Average power scaling of THz spintronic emitters in reflection geometry

TL;DR

This study investigates the power scaling of metallic spintronic THz emitters under high-average-power excitation, demonstrating optimized efficiency and guiding principles for achieving high-power, broadband THz emission at high repetition rates.

Contribution

It provides the first detailed analysis of power scaling behavior of spintronic THz emitters with high-average-power femtosecond lasers, including efficiency optimization and cooling strategies.

Findings

Reflection geometry with back-side cooling is optimal for high-power operation.

Conversion efficiency depends mainly on incident fluence when cooled effectively.

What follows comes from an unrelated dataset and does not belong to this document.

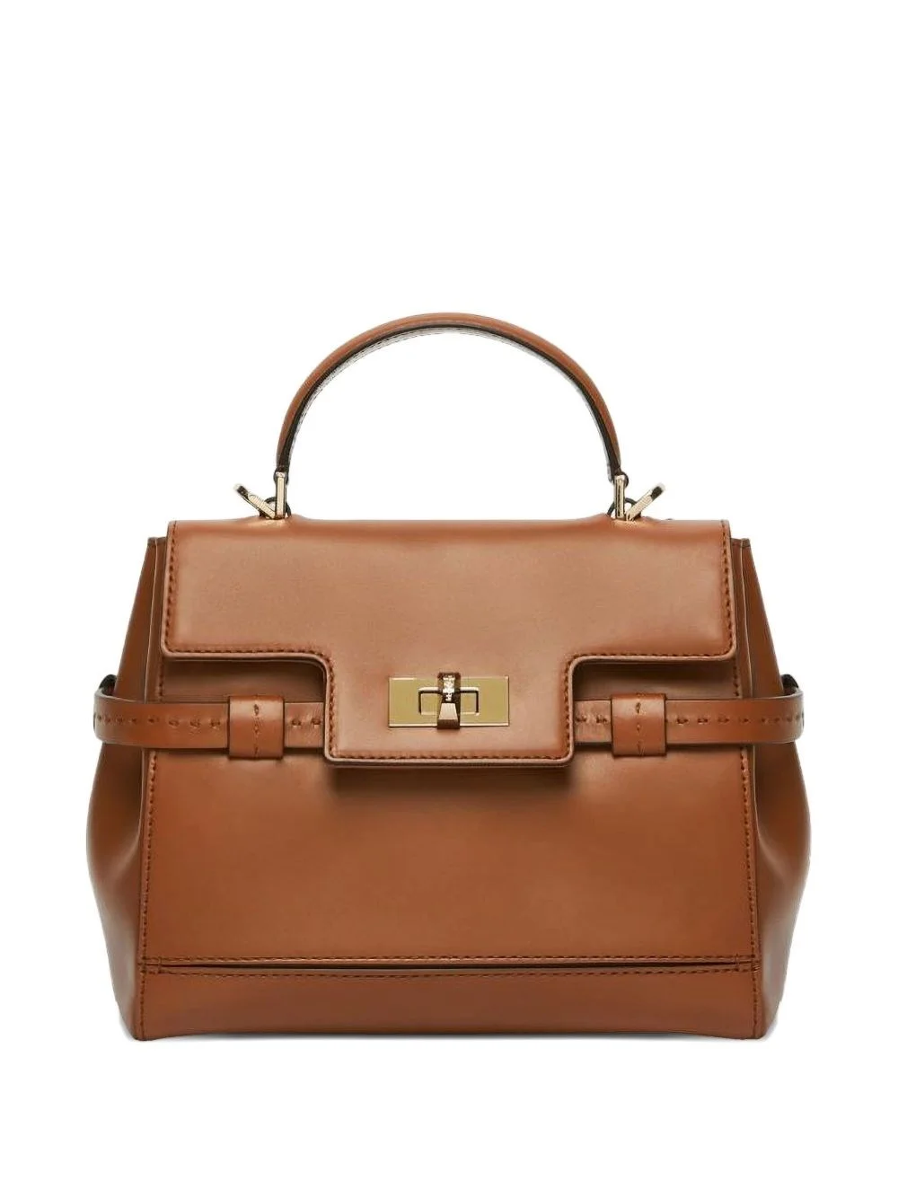 Smooth calf leather handbag. Suede lining with zip pocket and patch pocket with M-profile. Single handle. Detachable shoulder strap. Flap closure with metal swivel. Max Mara lettering printed on the front and metal on the back. Metal feet. product code: 2524516242600002 MARGAUXTH25 COMPOSITION 100% calf leather; 100% goat leather MADE IN ITALY SIZE & FIT 21 x 12 x 20 cm

Achieved a conversion efficiency of 5×10⁻⁶ at high excitation powers.

Abstract

Metallic spintronic THz emitters have become well-established for offering ultra-broadband, gap-less THz emission in a variety of excitation regimes, in combination with reliable fabrication and excellent scalability. However, so far, their potential for high-average-power excitation to reach strong THz fields at high repetition rates has not been thoroughly investigated. In this article, we explore the power scaling behavior of tri-layer spintronic emitters using an Yb-fiber excitation source, delivering an average power of 18.5 W at 400 kHz repetition rate, temporally compressed to a pulse duration of 27 fs. We confirm that the reflection geometry with back-side cooling is ideally suited for these emitters in the high-average-power excitation regime. In order to understand limiting mechanisms, we disentangle the effects on THz power generation by average power and pulse energy, by varying the repetition rate of the laser. Our results show that the conversion efficiency remains mostly dependent on the incident fluence in this high-average-power, high-repetition-rate excitation regime if the emitters are efficiently cooled. Using these findings, we optimize the conversion efficiency to reach 5e-6 at highest excitation powers in the back-cooled reflection geometry. Our findings provide guidelines for scaling the power of THz radiation emitted by spintronic emitters to the mW-level by using state-of-the-art femtosecond sources with multi-hundred-Watt average power to reach ultra-broadband, strong-field THz sources with high repetition rate.